Vivid and exquisite in its illumination of a time and place that was filled with atrocities, but also humanity and strength, Kristin Hannah’s The Nightingale will provoke thought and discussion that will have readers talking long after they finish reading.

I gave up!!!!!! This is obviously controversial as I know this is a massively popular book. I hate it when a book that loads of people love leaves me cold. I actually feel guilty. So I got to page 88 and it was fine but just a bit ‘meh.’ My main issue was Isabelle who I wanted to punch in the face and I definitely would have done if I had been Vianne. Vianne, the sister who is desperately trying to keep her daughter alive while Isabelle is being the tempestuous, volatile yet beautiful (all a little ‘characters by numbers’ for me) younger sister does all in her power to antagonise the Nazi’s. SHUT UP ISABELLE.
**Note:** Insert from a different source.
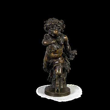 raffigurante scena di genere, poggiante su base a roccailles decorata con mascheroni e volute, difetti e restauri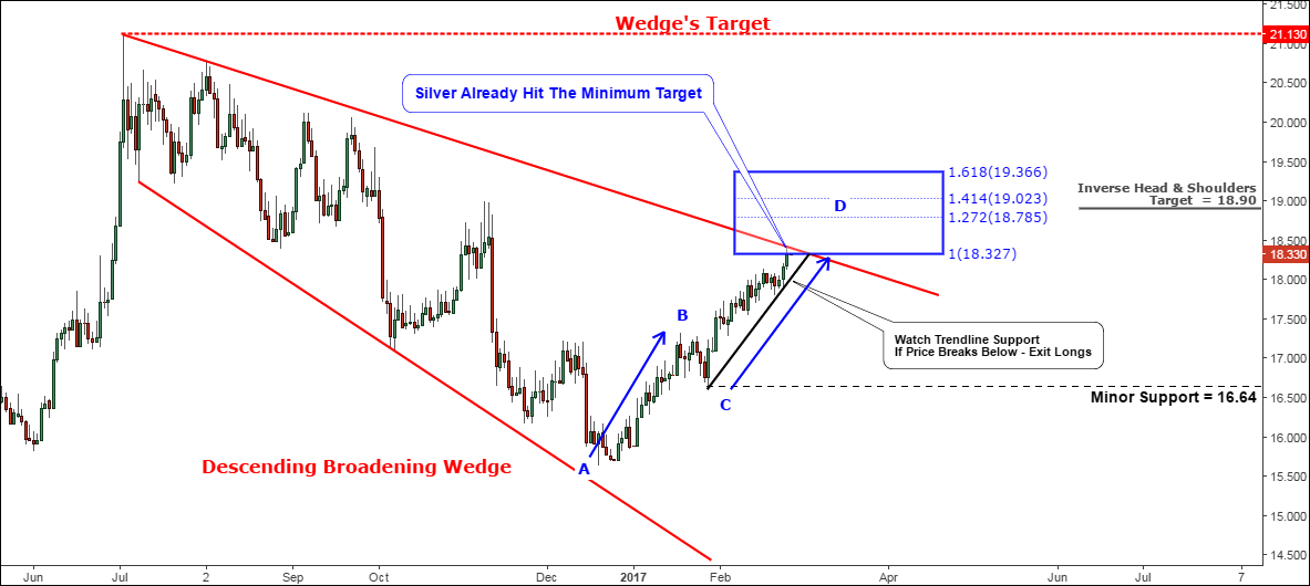 This top metal was the first to break out of consolidation and the first to reach the strong resistance (red). Besides that, it came the first to the minimum target at $18.33 level, which was set for the D point where the CD=AB segment.

7. A Visit From The Goon Squad by Jennifer Egan. 3⭐️

  • Jennifer Egan born 7th September.
  • Description: 13 stories, music industry, aging, loss of innocence

This novel was the winner of the 2011 Pulitzer Prize. Is it a collection of short stories or a novel? Although Egan published a few as individual stories, she views the collection as a novel. Each of the 13 chapters involves interrelated stories with the majority of the characters somehow connected to the record exec Bennie Salazar. This book worked for me until about halfway through. In fact, it was the chapter Selling the General that made me lose faith. I think by then, the characters that I wanted to reappear weren’t going to and I basically stopped caring. It all became a little too random for me. I did however love this quote about being ‘real.’

Thanks for reading and I hope you all have a lovely October.